Hip hop museum to open in its birthplace in the Bronx

Entertainment

NEW YORK (Reuters) – Hip hop – the music, dance, art and fashion phenomenon that went from rough streets into fancy suites in five decades – is getting its own museum in its birthplace in the Bronx, New York.

A small pop-up exhibit gives a preview of the Universal Hip Hop Museum’s permanent home, set to open in 2023 to celebrate the culture’s global history.

To date, “there isn’t a physical place that is dedicated to the preservation and celebration of hip hop history and culture,” the museum’s Executive Director Rocky Bucano said in an interview.

The museum, dreamed up by rappers Kurtis Blow, Africa Bamba, and Grand Master Melly Mel eight years ago, will seek to ensure that “the stories can be told accurately by the people who created the history themselves,” Bucano added.

Other rapper-producer-entrepreneurs have since become partners in the project, including Nas, Ice-T and LL Cool J.

Hip hop was born in the south section of the New York City borough of the Bronx in the United States in the late 1970s.
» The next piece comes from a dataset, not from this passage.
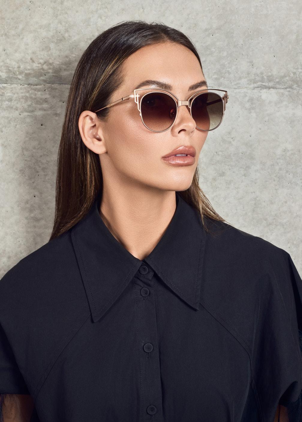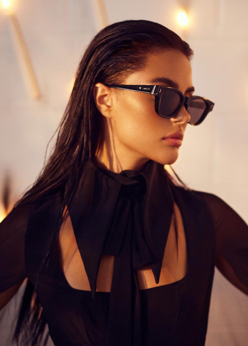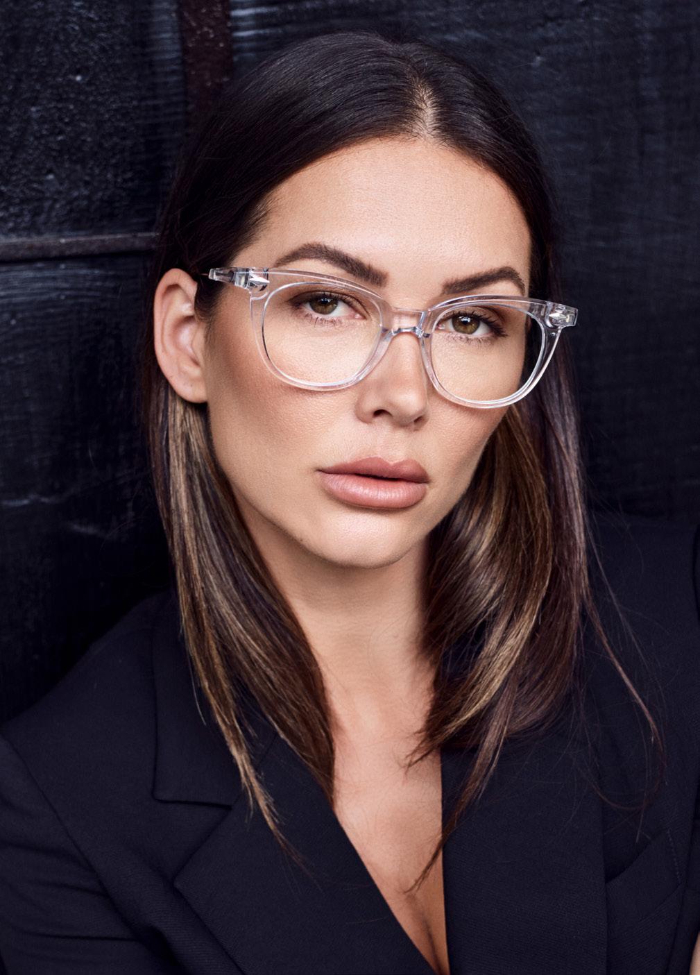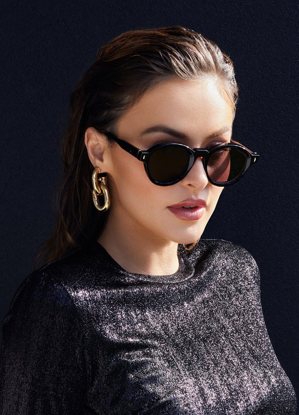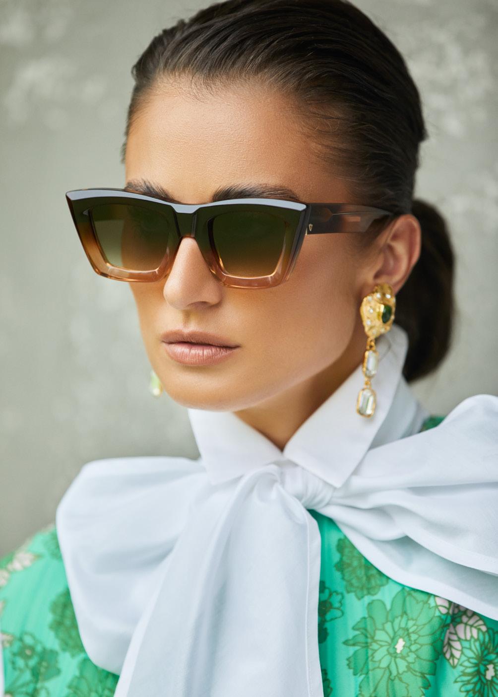This fashion forward yet versatile style has quickly become one of our iconic shapes and is now available in our zero base (flat) face curve and zero base lenses. Our attention to detail and craftsmanship is heroed through the bevelled arm detail, premium Japanese acetate and metal cross inserts that have been inset with 14 Swarovski Crystals.

The dancing, rapping and deejaying elements of hip-hop grew out of the depressed inner-city environment but it has since evolved into a multi-billion dollar part of mainstream global culture.

The initial exhibit tells the early origins of hip hop history, and will be replaced every six months with the next stage of the culture’s development. When the museum is complete, the 60,000-square-foot (5,570 square meter) space will feature interactive and immersive exhibits, live shows, film screenings and seminars.

One highlight will be a ‘breakbeat narratives’ interactive console created with Microsoft and the MIT Center for Advanced Virtuality. It takes visitors on a hip hop history based on their responses to different characters in a game.

“It forms a custom narrative of hip hop history based on their musical preferences,” Bucano said.

Artifacts on display will include Kurtis Blow’s original beat box machine, and the first and second rap records ever released.

Construction is set to start in July, with the grand opening planned to mark 50 years of hip hop in 2023.